Exercise directions |
After finding "A timeless ivory" in a line below, print that line and the rest of the lines exactly, leaving out all pictures.

Given data |
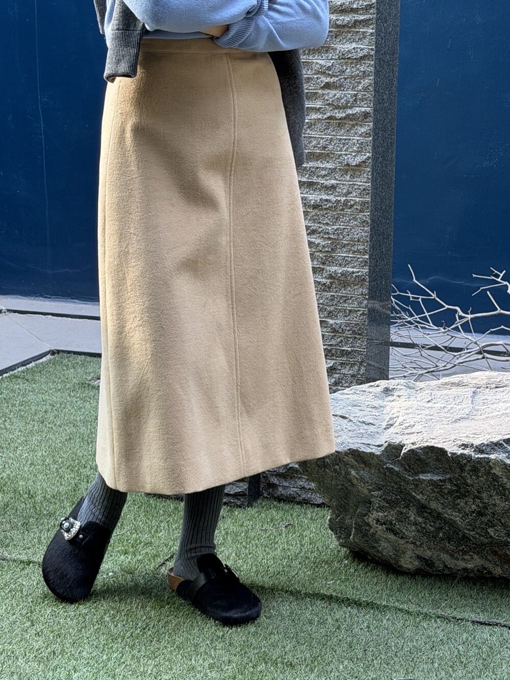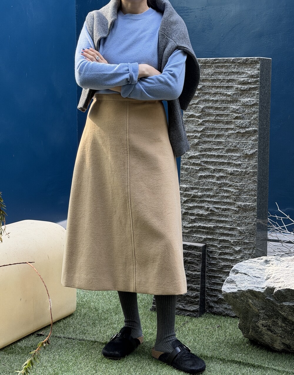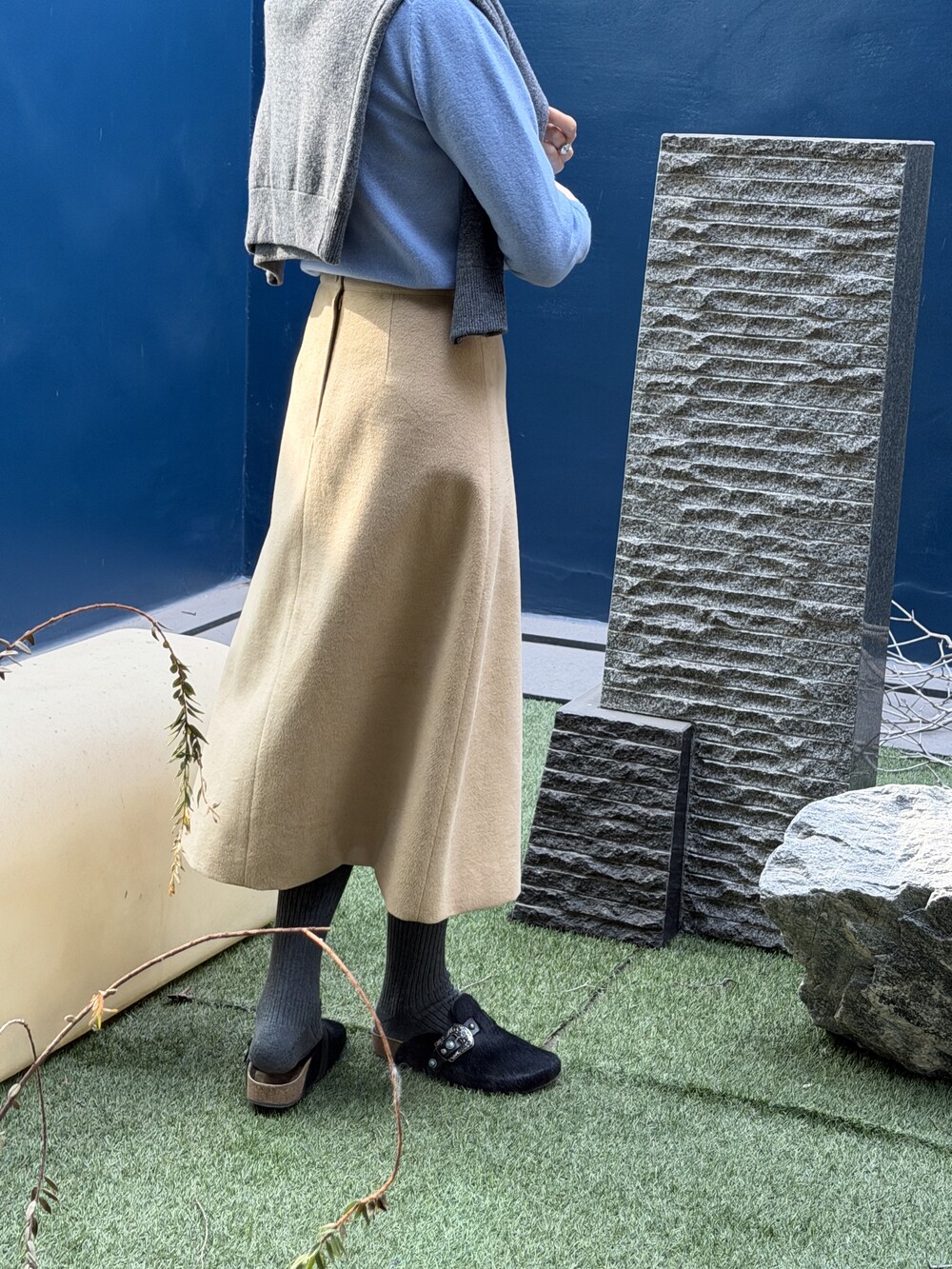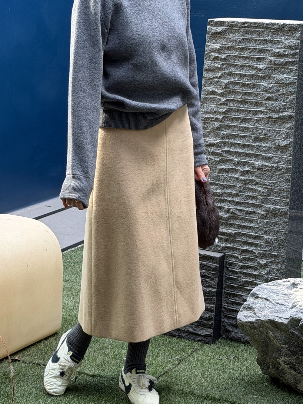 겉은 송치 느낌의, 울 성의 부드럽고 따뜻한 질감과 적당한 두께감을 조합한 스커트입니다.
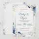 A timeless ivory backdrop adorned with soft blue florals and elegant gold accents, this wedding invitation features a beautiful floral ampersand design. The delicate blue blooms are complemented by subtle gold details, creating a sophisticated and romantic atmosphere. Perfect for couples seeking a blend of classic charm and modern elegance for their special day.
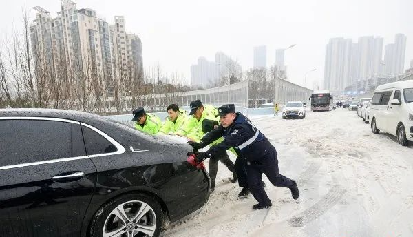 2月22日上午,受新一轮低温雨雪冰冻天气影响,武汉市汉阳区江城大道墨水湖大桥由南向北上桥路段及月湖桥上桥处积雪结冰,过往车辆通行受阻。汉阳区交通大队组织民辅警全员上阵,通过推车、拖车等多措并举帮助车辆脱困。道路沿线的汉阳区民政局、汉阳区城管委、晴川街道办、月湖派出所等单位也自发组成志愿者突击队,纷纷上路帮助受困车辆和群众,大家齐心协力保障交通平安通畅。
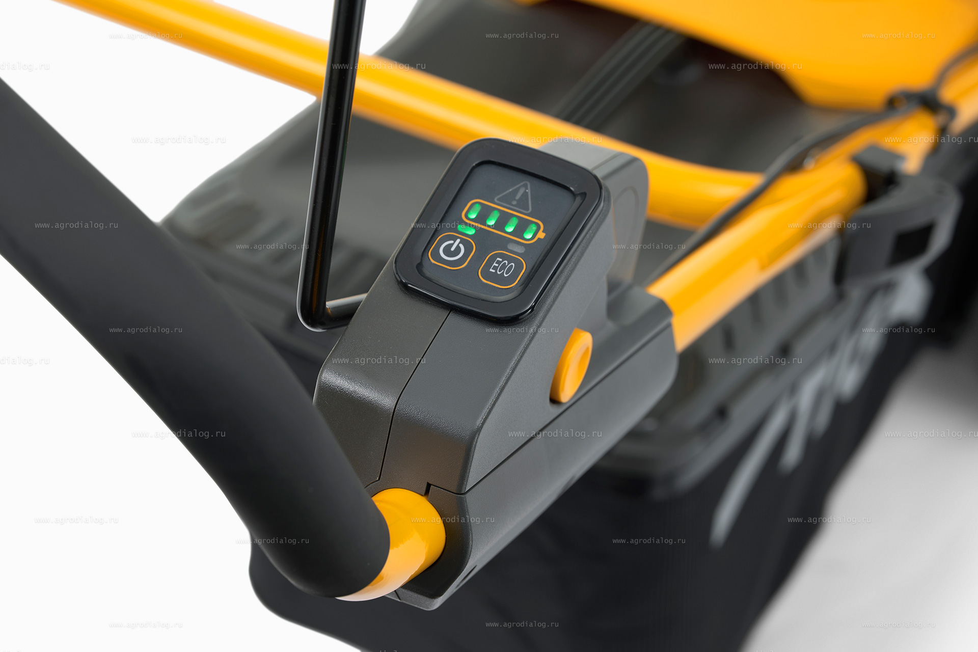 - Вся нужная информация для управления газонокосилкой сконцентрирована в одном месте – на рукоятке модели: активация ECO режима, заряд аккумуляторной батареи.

Task result |
 A timeless ivory backdrop adorned with soft blue florals and elegant gold accents, this wedding invitation features a beautiful floral ampersand design. The delicate blue blooms are complemented by subtle gold details, creating a sophisticated and romantic atmosphere. Perfect for couples seeking a blend of classic charm and modern elegance for their special day.
 2月22日上午,受新一轮低温雨雪冰冻天气影响,武汉市汉阳区江城大道墨水湖大桥由南向北上桥路段及月湖桥上桥处积雪结冰,过往车辆通行受阻。汉阳区交通大队组织民辅警全员上阵,通过推车、拖车等多措并举帮助车辆脱困。道路沿线的汉阳区民政局、汉阳区城管委、晴川街道办、月湖派出所等单位也自发组成志愿者突击队,纷纷上路帮助受困车辆和群众,大家齐心协力保障交通平安通畅。
 - Вся нужная информация для управления газонокосилкой сконцентрирована в одном месте – на рукоятке модели: активация ECO режима, заряд аккумуляторной батареи.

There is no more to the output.